Blog / Focus: Patient Experience

Leveraging data to align healthcare facilities professionals and business officers

By Shaun Rodgers / Special to Healthcare Facilities Today
December 5, 2018

With the size, complexity and nature of care at a healthcare organization, it can be difficult to streamline communication and get all cross-functional areas on the same page. And, with aging infrastructure, an increased focus on cost reduction and lack of data standardization, it’s no wonder there is often a communication gap between the C-suite and the facilities team. Decisions are made without all the necessary facts, goals are set separately, and executives often struggle to see the role this department can play in their mission.

Simple metrics can be the link that connects facilities professionals to the executive team. From communicating about upcoming resource needs or cost savings recommendations to reporting on KPIs like maintenance cost per square foot and response time, it may be more attainable than you think to align these two groups with measurable data points.

The Institute for Healthcare Improvement uses the Triple Aim framework, which describes an approach for optimizing healthcare performance and outcomes. The three dimensions of the framework are improving the patient experience of care (including quality and satisfaction), improving the health of populations and reducing the per capita cost of healthcare.1 By demonstrating the impact their department has on each area of the Triple Aim, and reporting correlating metrics, the facilities team is more likely to align with executives.

An influence on patient experience

The patient is at the core of everything you do. So, what all goes into promoting a quality patient experience at your facilities? It’s not just about having well-trained clinical staff. So much of it depends on the work the facilities team manages, from safety to infection control to lighting and air quality.

Does your executive team know the impact operations has on patient experience?

It’s the facilities team’s responsibility to communicate the important part they play in keeping patients happy, healing and returning to your organization for care. This holds a great financial impact as well, especially since there are two questions directly related to the physical environment of the hospital in the HCAHPS survey.

Some patient-related key performance indicators (KPIs) that facilities should be sharing with the C-suite include:

* Response time to work requests

* Delays of work

* Safety event documentation

* Utility failures/disruption avoidance

Whether it’s statistics on how your team is contributing to higher patient satisfaction scores, or areas where you excel in influencing the patient experience, the insight is valuable to executive decision makers who determine how to improve care and outcomes.

Healthy operations for healthy patients

Not only do facilities professionals keep your healthcare organization running smoothly, they are also critical to preventing issues and mitigating risk. And we all know that mitigating risk is a top priority for executives.

From fire and life safety to infection control and compliance, facilities and housekeeping hold the key to preventing outbreaks and creating a healthy and compliant environment.

If you asked the executive team what operations does to promote health, what would they say?

Provide them with the data and reassurance they need to know this department is implementing processes to be more compliant, prepared for safety issues and working toward a healthier facility.

KPIs that can help facilities align goals around patient health may include:

• Number of Environment of Care and Life Safety deficiencies

• Number resolved and actions taken

• Number of reported safety incidents

• Number of reported security incidents

• Infection control measures implemented and outbreaks reported

When there is open communication, supported by hard data, both the leadership and operations teams can feel well equipped to align goals on moving forward with important health initiatives.

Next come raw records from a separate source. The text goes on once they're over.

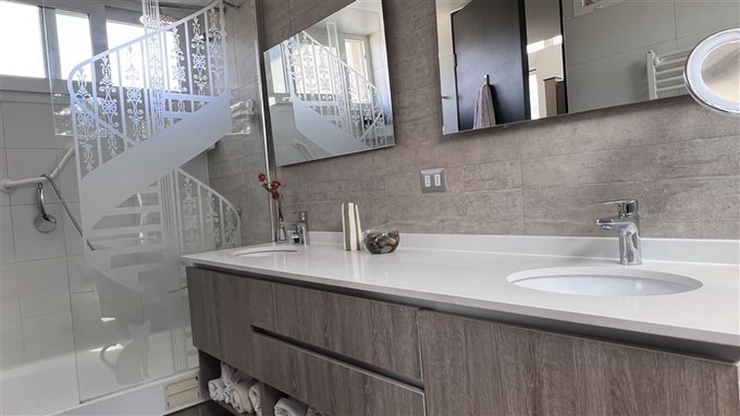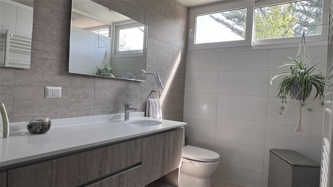 Baño en suite con doble lavamanos, luz y ventilación natural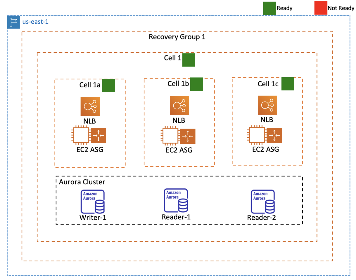 In this Regional cell, we have three nested cells, which represent the replicas in each AZ. We’ll call these the zonal cells. We create readiness checks for resource sets to monitor each type of AWS resource in our stack (NLB, ASG, and Aurora DB Cluster) by providing the Amazon Resource Names (ARNs) of the resources. We also associate each ARN with the related readiness scope (cell) of that resource.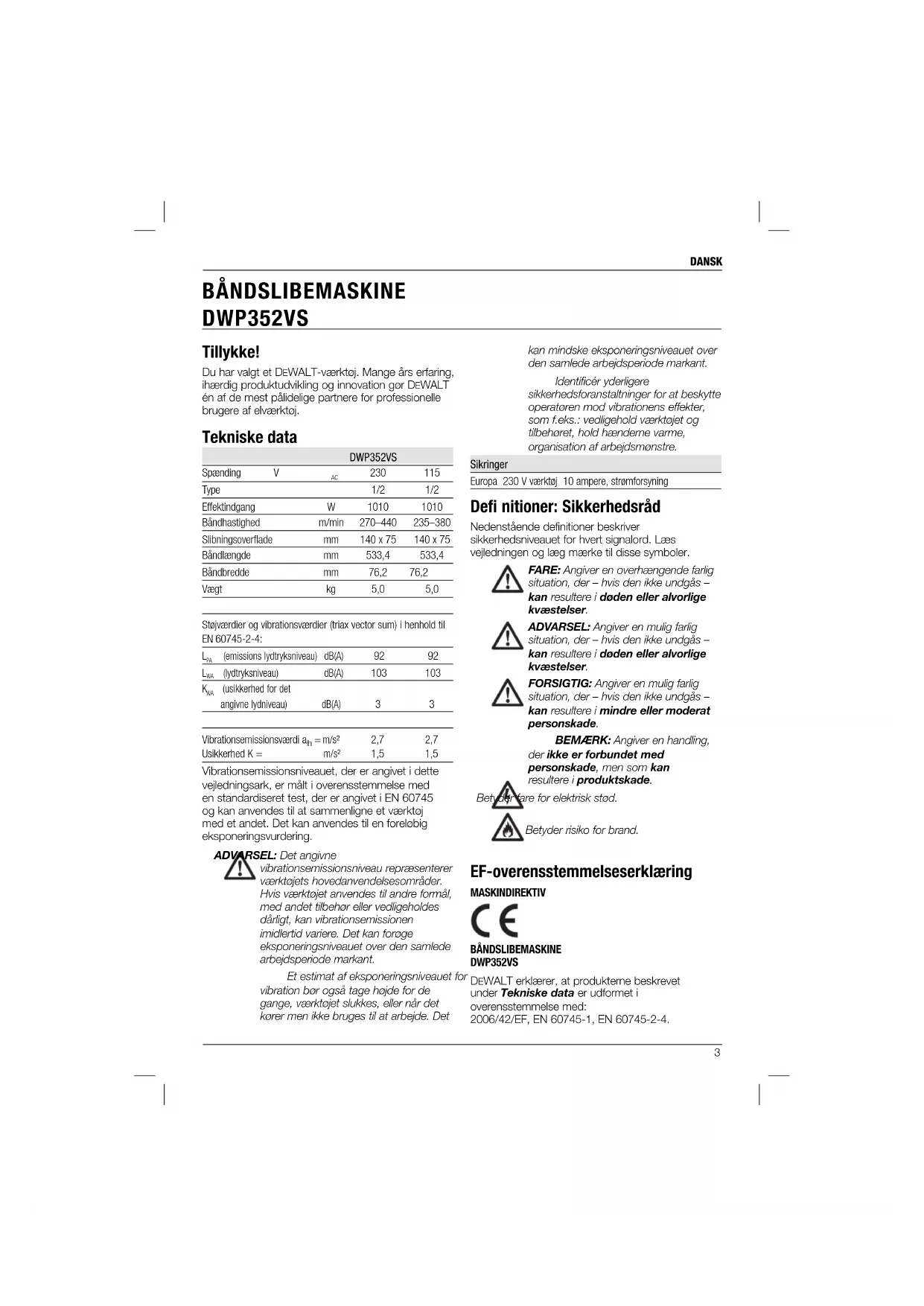 kan mindske eksponeringsniveauet over den samlede arbejdsperiode markant. Identificér yderligere sikkerhedsforanstaltninger for at beskytte operatøren mod vibrationens effekter, som f.eks.: vedligehold værktøjet og tilbehøret, hold hænderne varme, organisation af arbejdsmønstre. Sikringer Europa 230 V værktøj 10 ampere, strømforsyning Defi nitioner: Sikkerhedsråd Nedenstående definitioner beskriver sikkerhedsniveauet for hvert signalord. Læs vejledningen og læg mærke til disse symboler. FARE: Angiver en overhængende farlig situation, der – hvis den ikke undgås – kan resultere i døden eller alvorlige kvæstelser. ADVARSEL: Angiver en mulig farlig situation, der – hvis den ikke undgås – kan resultere i døden eller alvorlige kvæstelser. FORSIGTIG: Angiver en mulig farlig situation, der – hvis den ikke undgås – kan resultere i mindre eller moderat personskade. BEMÆRK: Angiver en handling, der ikke er forbundet med personskade, men som kan resultere i produktskade. Betyder fare for elektrisk stød. Betyder risiko for brand. EF-overensstemmelseserklæring MASKINDIREKTIV BÅNDSLIBEMASKINE DWP352VS DEWALT erklærer, at produkterne beskrevet under Tekniske data er udformet i overensstemmelse med: 2006/42/EF, EN 60745-1, EN 60745-2-4. Tillykke! Du har valgt et DEWALT-værktøj. Mange års erfaring, ihærdig produktudvikling og innovation gør D EWALT én af de mest pålidelige partnere for professionelle brugere af elværktøj. Tekniske data DWP352VS Spænding V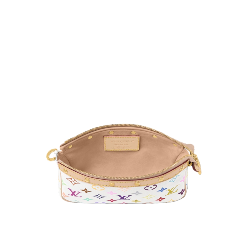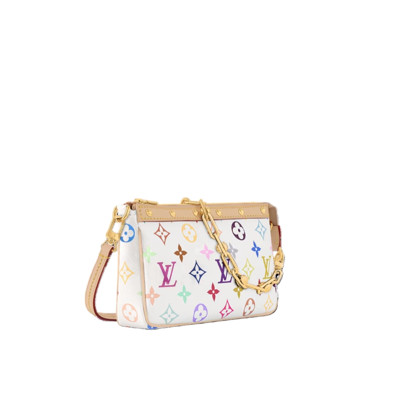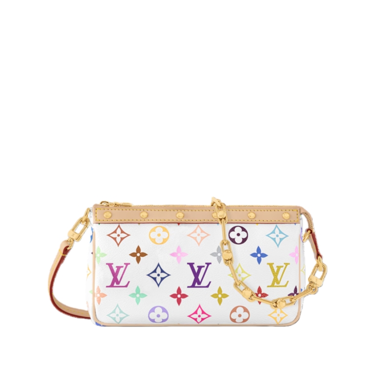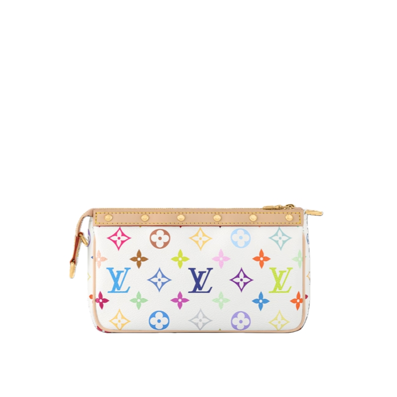 This playful edition of the classic Pochette Accessoires is joyfully reimagined with a multicolored Monogram motif as part of the cross-category Louis Vuitton x Murakami collection. Crafted from coated canvas in a petite pouch shape, a natural cowhide-leather trim adds an emblematic House touch, while golden hardware introduces a chic polished accent. Complete with a removable strap and chain for versatile styling options.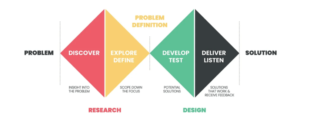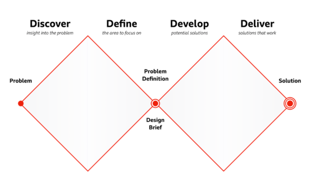 - Double Diamond: Lebih terstruktur dengan dua tahap besar—memahami masalah dan mengembangkan solusi. Proses ini memberikan porsi besar pada analisis mendalam sebelum masuk ke solusi.

Budgeting and saving, realistically


Budgeting should never be done without all the data, and while most of us know that, it’s often just the product of a lack of time and knowledge that leads to budgets set without the insight of those dealing with the final numbers.

How do you create the best, most attainable budget and cost reduction plan between facilities and the executive team?

Communication again is key, as well as sharing cost-saving goals or opportunities. Reducing costs may even be a mandate for your organization, so it’s important to be aligned on how that can be achieved within operations.

When the executive team shares their cost reduction goals with facilities and vice-versa, they can be better aligned and maximize saving efforts. From better budgeting to capital planning, specific reports and numbers on operational costs and areas where you can easily save will offer much value.

Compiled data in the following areas can help:

• Average cost per work order

• Asset/equipment lifecycle and replacement cost

• Unexpected breakdown cost

• Operational cost year over year

In addition, the sheer act of using technology and mobile devices to do the work and capture the data will contribute to significant time savings in the long run. You can also see this as you’re able to make more informed decisions about equipment and assets that leads to money saved with better decision-making.

When you can put a dollar amount of your progress and operational goals, it speaks volumes to the C-suite.

Getting a seat at the table

If you want to see better alignment between facilities and leadership, open up the lines of communication, lead the conversation with data and create goals that achieve positive outcomes for everyone.

When every group has a seat at the table to contribute data that drives decision-making, these two groups can accomplish more together for the good of their organization and patients. And that can mean a lot for the impact your organization has on your community.

The next question is: How will you get started?

Source: 1“The IHI Triple Aim,” Institute for Healthcare Improvement.

Shaun Rodgers is the Director of Healthcare Strategy, Dude Solutions.